(Dataset content):
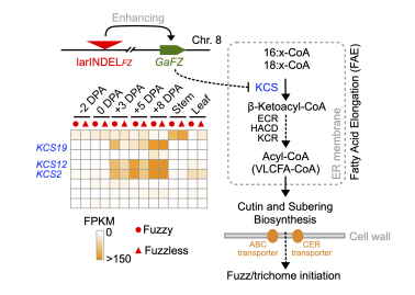 作者進一步在短絨和無絨棉花材料和過表達的擬南芥材料中分析全基因共表達譜,在擬南芥和棉花的短絨關(guān)鍵發(fā)育階段,共鑒定出1343個和367個差異表達基因,這些基因主要參與次生代謝,如脂肪酸伸長和角質(zhì)、栓質(zhì)和蠟質(zhì)的生物合成;結(jié)合互作分析發(fā)現(xiàn),GaFZ基因可能通過抑制超長鏈脂肪酸伸長途徑中關(guān)鍵基因的表達,進一步抑制脂肪酸延伸的下游途徑,從而影響短絨/葉茸毛的發(fā)育。作者基于基因功能分析,提出了一個亞洲棉短絨發(fā)育的可能機制(圖5)。
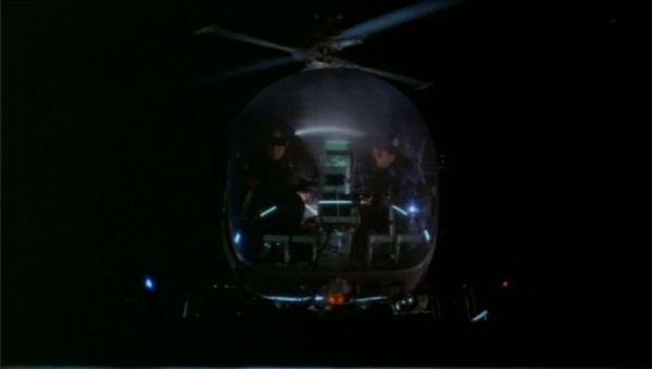 Cela commence dès le plan introductif. Sans explication, on voit un hélicoptère de la police prendre son envol. Pragmatiquement, on considère que cela est lié au transport de Benson de son lieu de détention à l’hôpital. Cela apparaît d’autant plus plausible par rapport au générique d’ouverture qui suit. Alors que les noms défilent, on contemple l’œil d’un garde surveillant Benson par un judas. Néanmoins, Benson arrive quelques minutes après à l’hôpital dans un fourgon sans l’ombre d’un hélicoptère à l’horizon. La présence de cet hélicoptère semble incongrue pour un film sur une procédure supposément millimétrée. La récurrence du plan de l’œil à travers le judas sous-entend toutefois qu’il n’en est rien. Initialement assigné à la police, sa réutilisation l’attribue tout autant au personnel hospitalier. Il y a ainsi une confusion de l’institution policière et hospitalière, semblant participer au même système de surveillance généralisée. Hodges ne cache plus son jeu à la fin et l’ultime itération du plan s’adressera directement au spectateur. Entretemps, il aura dévoilé le rôle de l’hélicoptère.
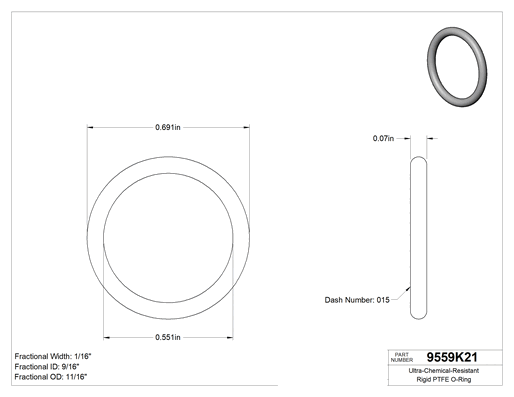 PTFE'den üretilen bu O-ringler aşırı sıcaklıklara ve aseton, florlu çözücüler ve etanol gibi agresif kimyasallara dayanır. Ayrıca serttir, bu da esnek O-ringlere göre montajını zorlaştırır. Bu O-ringler genellikle pompa milleri, karıştırma tankları ve kimyasal veya ilaç işleyen diğer ekipmanların sızdırmazlığında kullanılır. Ayrıca gıda ile doğrudan temas için FDA uyumludur. Tümünde kürleme tarihi ve izlenebilir lot numarası ambalajda yazmaktadır.

(Exercise instructions): From the listing, extract all text exactly as given and drop any picture.

(Finished exercise):
 作者進一步在短絨和無絨棉花材料和過表達的擬南芥材料中分析全基因共表達譜,在擬南芥和棉花的短絨關(guān)鍵發(fā)育階段,共鑒定出1343個和367個差異表達基因,這些基因主要參與次生代謝,如脂肪酸伸長和角質(zhì)、栓質(zhì)和蠟質(zhì)的生物合成;結(jié)合互作分析發(fā)現(xiàn),GaFZ基因可能通過抑制超長鏈脂肪酸伸長途徑中關(guān)鍵基因的表達,進一步抑制脂肪酸延伸的下游途徑,從而影響短絨/葉茸毛的發(fā)育。作者基于基因功能分析,提出了一個亞洲棉短絨發(fā)育的可能機制(圖5)。
 Cela commence dès le plan introductif. Sans explication, on voit un hélicoptère de la police prendre son envol. Pragmatiquement, on considère que cela est lié au transport de Benson de son lieu de détention à l’hôpital. Cela apparaît d’autant plus plausible par rapport au générique d’ouverture qui suit. Alors que les noms défilent, on contemple l’œil d’un garde surveillant Benson par un judas. Néanmoins, Benson arrive quelques minutes après à l’hôpital dans un fourgon sans l’ombre d’un hélicoptère à l’horizon. La présence de cet hélicoptère semble incongrue pour un film sur une procédure supposément millimétrée. La récurrence du plan de l’œil à travers le judas sous-entend toutefois qu’il n’en est rien. Initialement assigné à la police, sa réutilisation l’attribue tout autant au personnel hospitalier. Il y a ainsi une confusion de l’institution policière et hospitalière, semblant participer au même système de surveillance généralisée. Hodges ne cache plus son jeu à la fin et l’ultime itération du plan s’adressera directement au spectateur. Entretemps, il aura dévoilé le rôle de l’hélicoptère.
 PTFE'den üretilen bu O-ringler aşırı sıcaklıklara ve aseton, florlu çözücüler ve etanol gibi agresif kimyasallara dayanır. Ayrıca serttir, bu da esnek O-ringlere göre montajını zorlaştırır. Bu O-ringler genellikle pompa milleri, karıştırma tankları ve kimyasal veya ilaç işleyen diğer ekipmanların sızdırmazlığında kullanılır. Ayrıca gıda ile doğrudan temas için FDA uyumludur. Tümünde kürleme tarihi ve izlenebilir lot numarası ambalajda yazmaktadır.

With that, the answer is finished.